PROBLEM DESCRIPTION – Transcribe the whole listing below without changing a word, but leave out every image.

DATA BLOCK –
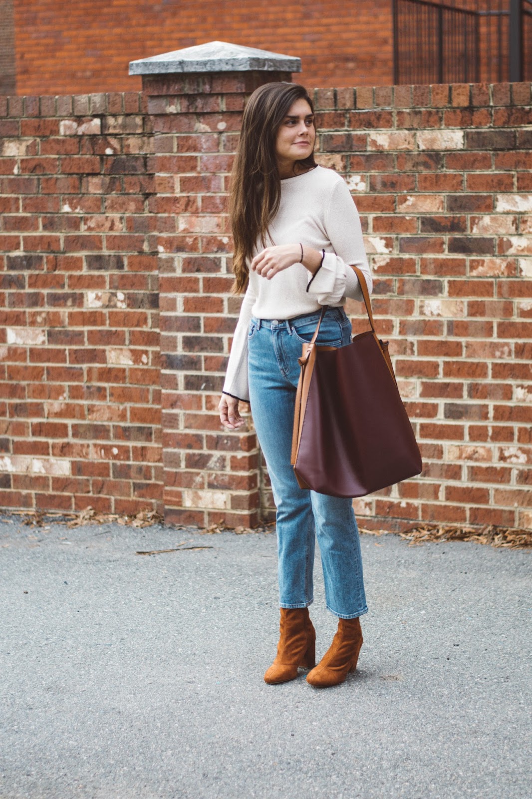 Today we're sharing a look that we know you'll live in! It's everything we want and need in an outfit: flattering, comfortable, and stylish! Bring your most basic pair of jeans to life with a top like this one. We love the bell sleeve feature almost as much as we love how cozy it is. It's a knitted top (perfect to keep you warm in these frigid temps) with the cutest black trim detail around the neckline and sleeves. If you need an added layer of warmth, try cozying up with this faux fur coat or a simple black jacket! We're still loving these suede booties and think they add just enough of a 70's vibe without being over the top!
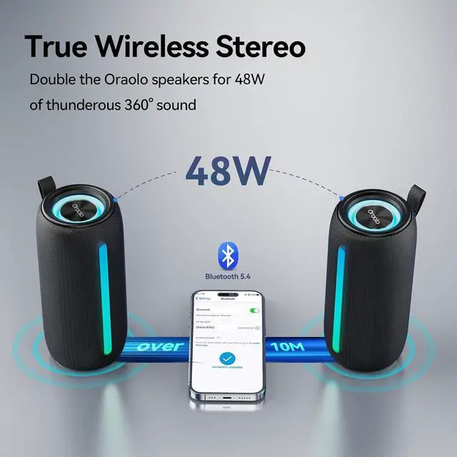 Bluetooth 5.4 & TWS PairingFeaturing advanced Bluetooth 5.4 technology, it ensures fast and stable transmission, providing you with an uninterrupted music experience. Effortlessly pair two Oraolo portable speakers to achieve a powerful 48W 360° surround sound experience. This true wireless stereo setup not only doubles the audio output but also expands the sound field, making every beat and melody more vivid and captivating.
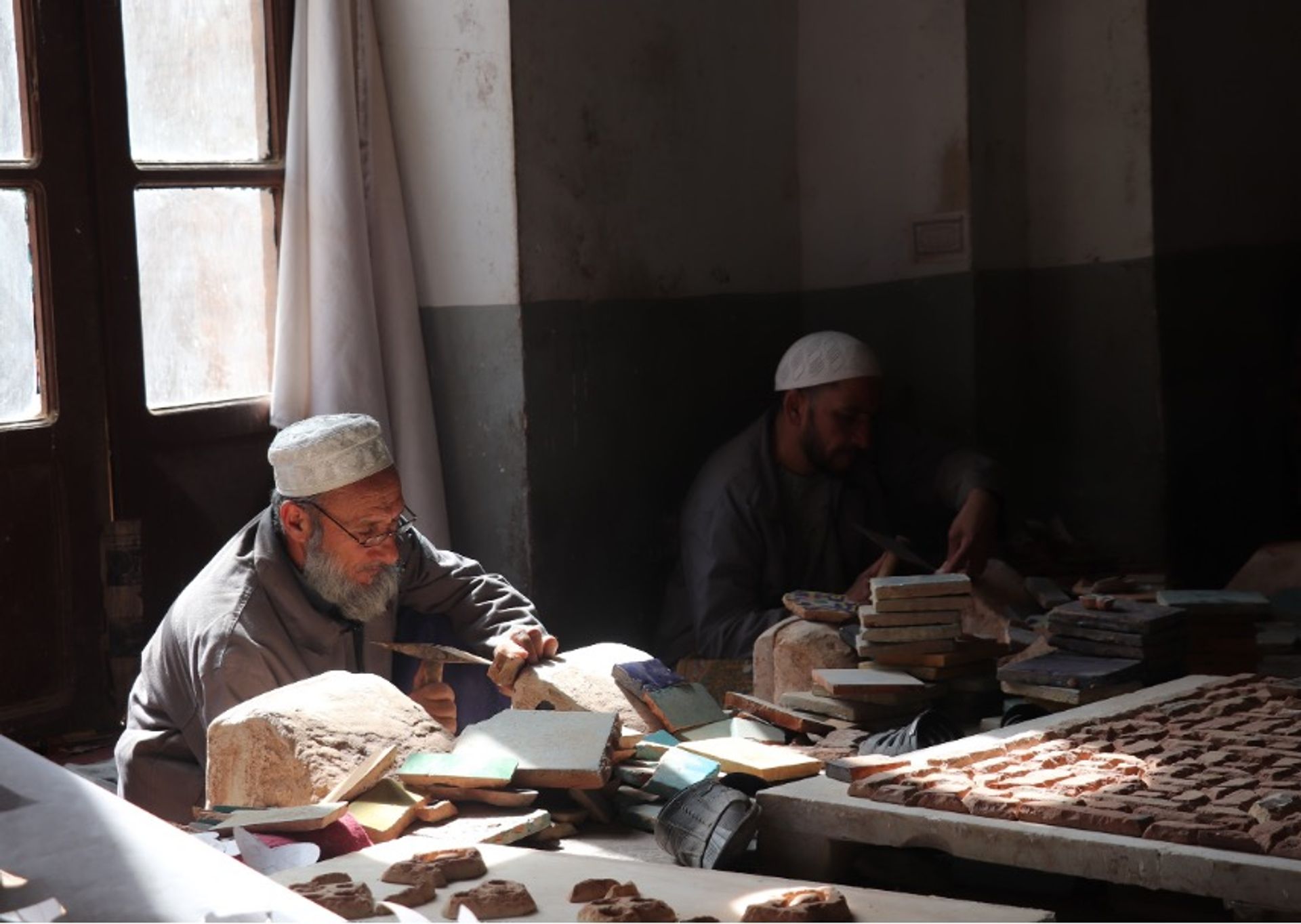 Tile-making artisans at the Herat Friday mosque, now under Taliban control Photo: Bastien Varoutsikos and team, 2019
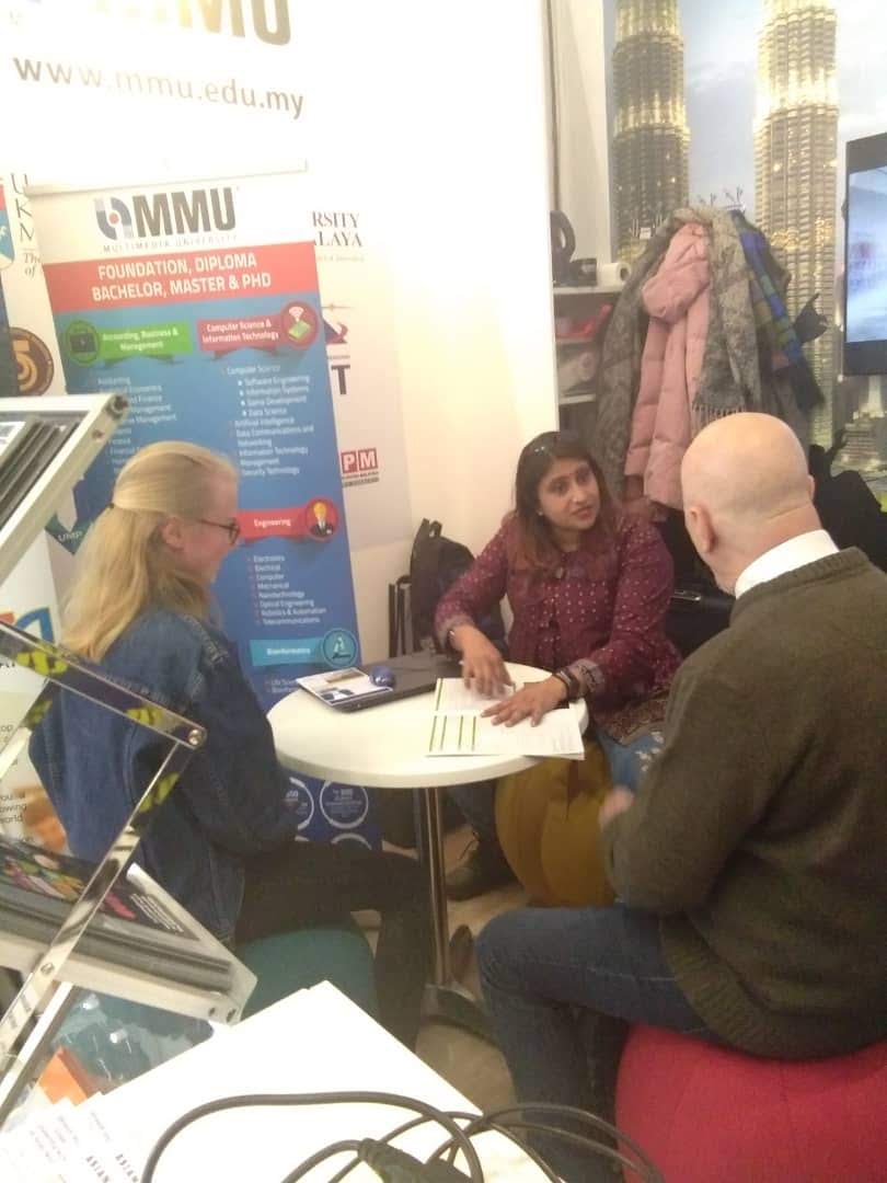 The trade fair consist of the following segments; pre-school education, primary and high schools, universities, new technologies, training and qualification, ministries, institutions and organisations. MMU Business School joint the trade fair with the collaboration of Malproc Sdn. Bhd., a company with affiliated offices in Germany and United Kingdom that ventures in construction, event management, consultation and trading of various products in Europe and Asia.

ANSWER SECTION –
 Today we're sharing a look that we know you'll live in! It's everything we want and need in an outfit: flattering, comfortable, and stylish! Bring your most basic pair of jeans to life with a top like this one. We love the bell sleeve feature almost as much as we love how cozy it is. It's a knitted top (perfect to keep you warm in these frigid temps) with the cutest black trim detail around the neckline and sleeves. If you need an added layer of warmth, try cozying up with this faux fur coat or a simple black jacket! We're still loving these suede booties and think they add just enough of a 70's vibe without being over the top!
 Bluetooth 5.4 & TWS PairingFeaturing advanced Bluetooth 5.4 technology, it ensures fast and stable transmission, providing you with an uninterrupted music experience. Effortlessly pair two Oraolo portable speakers to achieve a powerful 48W 360° surround sound experience. This true wireless stereo setup not only doubles the audio output but also expands the sound field, making every beat and melody more vivid and captivating.
 Tile-making artisans at the Herat Friday mosque, now under Taliban control Photo: Bastien Varoutsikos and team, 2019
 The trade fair consist of the following segments; pre-school education, primary and high schools, universities, new technologies, training and qualification, ministries, institutions and organisations. MMU Business School joint the trade fair with the collaboration of Malproc Sdn. Bhd., a company with affiliated offices in Germany and United Kingdom that ventures in construction, event management, consultation and trading of various products in Europe and Asia.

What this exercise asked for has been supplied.